La ciudad de México en 1932 respiraba un aire de transformación caótica, donde los automóviles disputaban las calles empedradas con las carretas tiradas por burros y donde las antiguas iglesias coloniales se erguían desafiantes ante el empuje de la modernidad revolucionaria. En el barrio de La Merced, entre los mercados donde las marchantes vendían chiles secos y canastas de maíz, vivía una mujer que la gente conocía simplemente como doña Petra. Nadie recordaba su apellido ni su edad exacta, pero todos sabían que era ella quien preparaba el mejor mole para las fiestas patronales de San Pedro y San Pablo; ese que hacía llorar de emoción a las abuelas y que los novios solicitaban para sus bodas, porque según la tradición, “oler a mole” significaba que habría boda pronto.

Lo que nadie imaginaba entonces era el secreto macabro que convertía ese platillo en algo inolvidable, un secreto que se escondía entre los veinte ingredientes que componían aquella salsa oscura y compleja.

Doña Petra vivía sola en una casa de adobe con tejas rojas cerca del Panteón de la Piedad. Ese cementerio viejo, que databa de tiempos de la colonia y que ya estaba tan lleno que habían comenzado a apilar los huesos en el osario, ese edificio húmedo y olvidado donde se guardaban los restos cuando las familias dejaban de pagar las criptas. Los vecinos la veían pasar cada madrugada con su rebozo negro cubriéndole el rostro, cargando una canasta cubierta con un paño blanco, y murmuraban que iba a misa temprano, aunque ningún sacerdote confirmó haberla visto jamás en su iglesia.

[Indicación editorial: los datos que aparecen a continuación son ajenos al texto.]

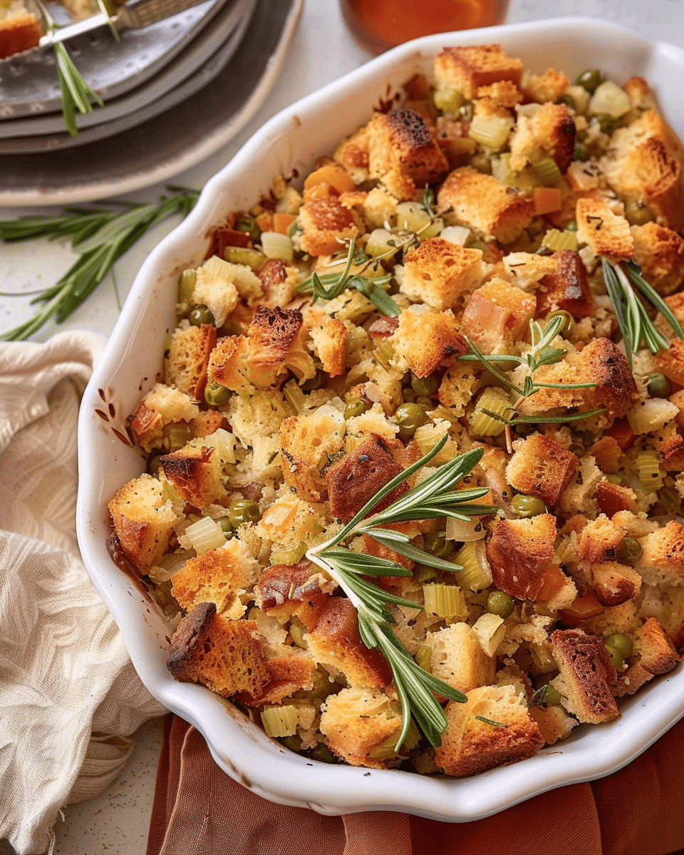 You can stuff the turkey with this stuffing, but ensure that the stuffing reaches an internal temperature of 165°F (74°C) for food safety. If you’re stuffing the turkey, make sure not to pack it too tightly to allow for even cooking.

La verdad era mucho más oscura. Doña Petra tenía un arreglo con el sepulturero del panteón, un hombre llamado Jacinto, que bebía pulque hasta perder el sentido cada noche y que por unas cuantas monedas hacía la vista gorda cuando ella entraba al osario antes del amanecer. Ahí, en esa bóveda que apestaba a humedad y muerte, donde las calaveras se apilaban hasta el techo formando muros de cuencas vacías que parecían observarte, doña Petra seleccionaba los huesos más antiguos, aquellos que ya nadie reclamaría, aquellos que pertenecían a difuntos olvidados por el tiempo y sus familias. Los envolvía cuidadosamente en su rebozo y los llevaba a su casa, donde los limpiaba con agua hirviendo y los secaba al sol en su patio interior, ocultos de las miradas indiscretas por un muro alto cubierto de bugambilias moradas.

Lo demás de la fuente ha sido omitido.